Instructions to follow: Taking only the lines of the data below from the line with "- Welcome to" to the line with "升级经脉除了灵脉值以外,还需", ends included, write them out exactly and without pictures.
*** Exercise input
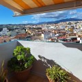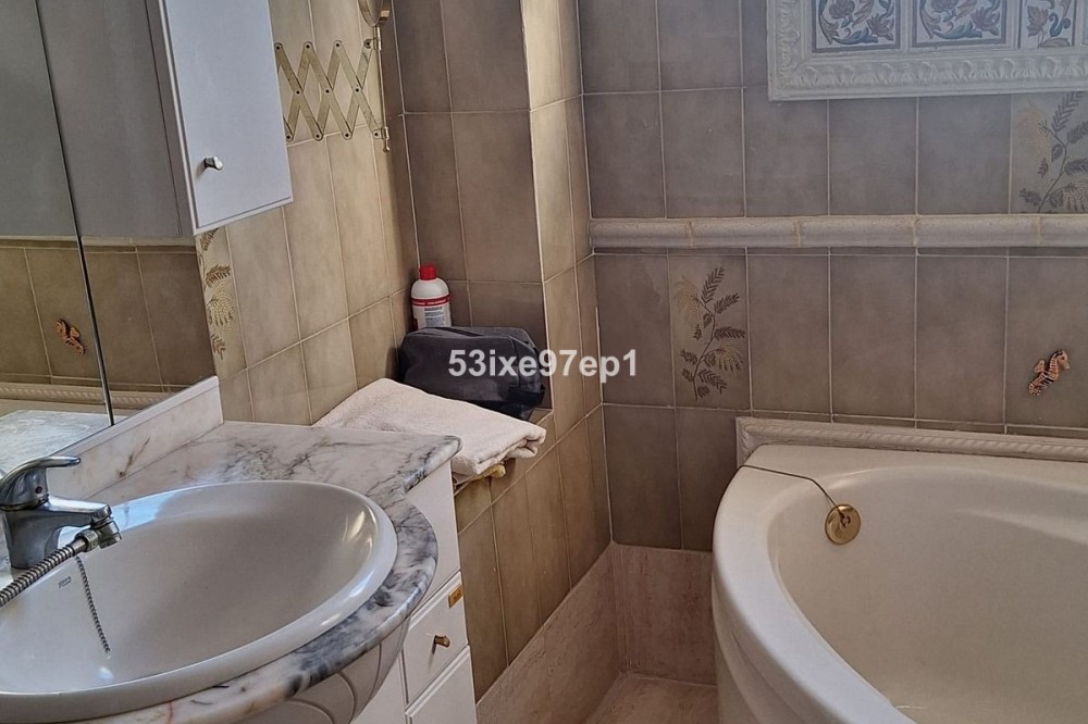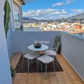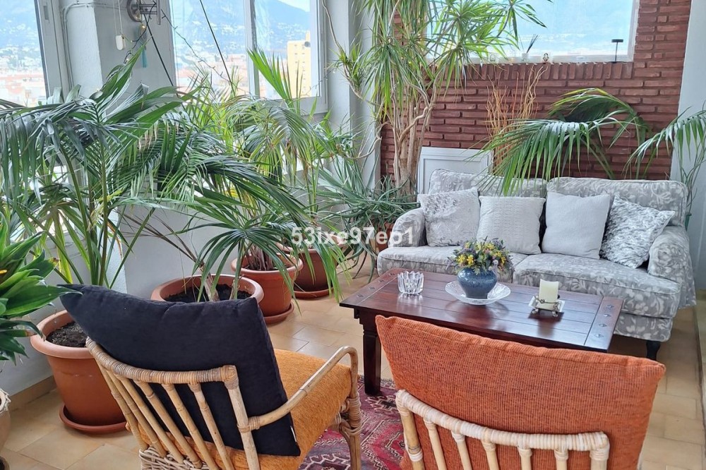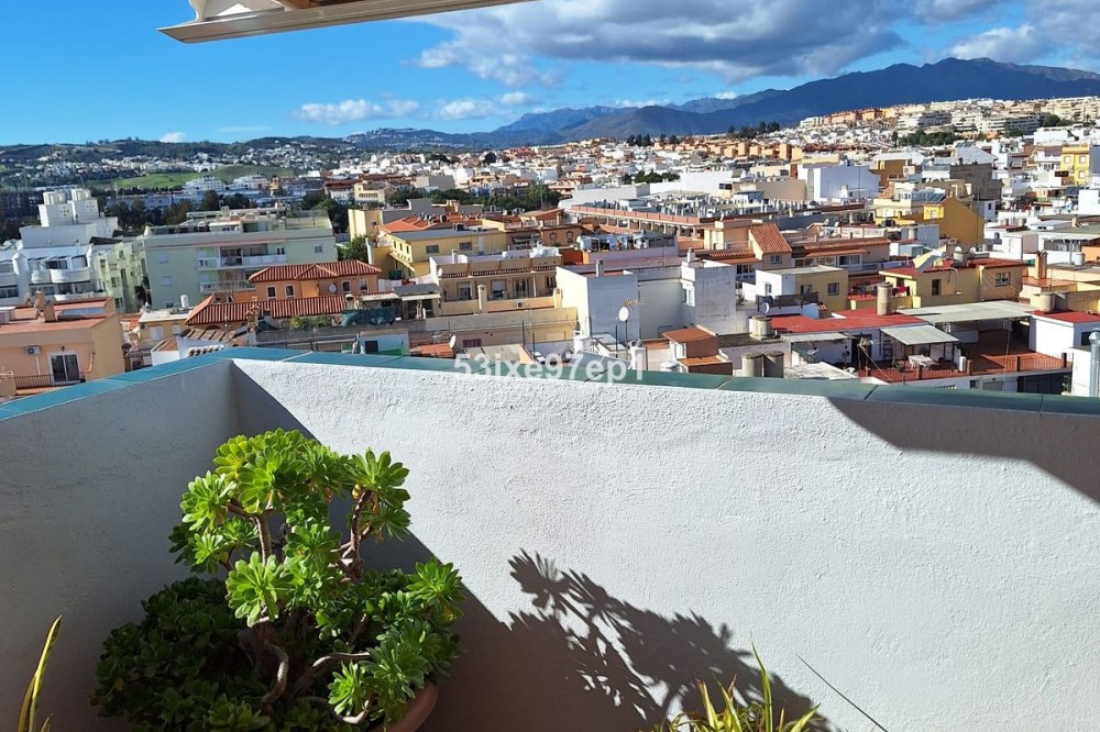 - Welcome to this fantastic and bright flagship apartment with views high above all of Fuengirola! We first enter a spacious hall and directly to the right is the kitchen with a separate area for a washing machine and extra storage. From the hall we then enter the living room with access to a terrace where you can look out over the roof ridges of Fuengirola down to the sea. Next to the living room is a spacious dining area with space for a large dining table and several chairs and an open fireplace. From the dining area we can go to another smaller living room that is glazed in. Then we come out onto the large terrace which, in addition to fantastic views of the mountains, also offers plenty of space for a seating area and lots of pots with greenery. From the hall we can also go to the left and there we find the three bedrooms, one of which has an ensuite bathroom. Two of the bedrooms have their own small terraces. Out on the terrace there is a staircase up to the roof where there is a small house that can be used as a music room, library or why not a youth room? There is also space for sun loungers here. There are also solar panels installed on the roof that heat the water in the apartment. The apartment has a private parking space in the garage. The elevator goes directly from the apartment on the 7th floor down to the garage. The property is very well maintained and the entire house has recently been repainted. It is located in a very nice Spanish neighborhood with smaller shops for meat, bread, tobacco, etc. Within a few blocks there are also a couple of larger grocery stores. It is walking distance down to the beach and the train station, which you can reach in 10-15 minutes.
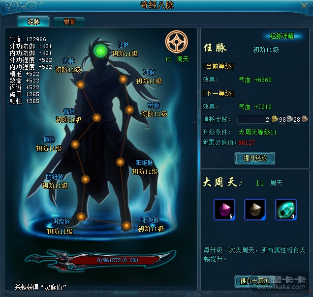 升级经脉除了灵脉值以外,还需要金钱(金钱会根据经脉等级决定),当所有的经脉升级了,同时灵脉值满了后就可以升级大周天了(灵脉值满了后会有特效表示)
******
*** Exercise input
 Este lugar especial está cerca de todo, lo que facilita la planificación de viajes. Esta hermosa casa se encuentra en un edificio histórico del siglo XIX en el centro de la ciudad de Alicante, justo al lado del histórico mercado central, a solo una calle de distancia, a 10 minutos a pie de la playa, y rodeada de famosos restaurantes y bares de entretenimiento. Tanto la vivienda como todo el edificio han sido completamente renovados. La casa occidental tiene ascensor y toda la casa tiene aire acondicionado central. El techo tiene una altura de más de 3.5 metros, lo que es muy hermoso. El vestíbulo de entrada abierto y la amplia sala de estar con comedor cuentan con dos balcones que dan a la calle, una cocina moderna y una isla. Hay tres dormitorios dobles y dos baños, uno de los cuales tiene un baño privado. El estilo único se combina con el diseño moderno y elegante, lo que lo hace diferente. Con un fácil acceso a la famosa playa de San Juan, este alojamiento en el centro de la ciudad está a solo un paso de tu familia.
******
Exercise solution:
 - Welcome to this fantastic and bright flagship apartment with views high above all of Fuengirola! We first enter a spacious hall and directly to the right is the kitchen with a separate area for a washing machine and extra storage. From the hall we then enter the living room with access to a terrace where you can look out over the roof ridges of Fuengirola down to the sea. Next to the living room is a spacious dining area with space for a large dining table and several chairs and an open fireplace. From the dining area we can go to another smaller living room that is glazed in. Then we come out onto the large terrace which, in addition to fantastic views of the mountains, also offers plenty of space for a seating area and lots of pots with greenery. From the hall we can also go to the left and there we find the three bedrooms, one of which has an ensuite bathroom. Two of the bedrooms have their own small terraces. Out on the terrace there is a staircase up to the roof where there is a small house that can be used as a music room, library or why not a youth room? There is also space for sun loungers here. There are also solar panels installed on the roof that heat the water in the apartment. The apartment has a private parking space in the garage. The elevator goes directly from the apartment on the 7th floor down to the garage. The property is very well maintained and the entire house has recently been repainted. It is located in a very nice Spanish neighborhood with smaller shops for meat, bread, tobacco, etc. Within a few blocks there are also a couple of larger grocery stores. It is walking distance down to the beach and the train station, which you can reach in 10-15 minutes.
 升级经脉除了灵脉值以外,还需要金钱(金钱会根据经脉等级决定),当所有的经脉升级了,同时灵脉值满了后就可以升级大周天了(灵脉值满了后会有特效表示)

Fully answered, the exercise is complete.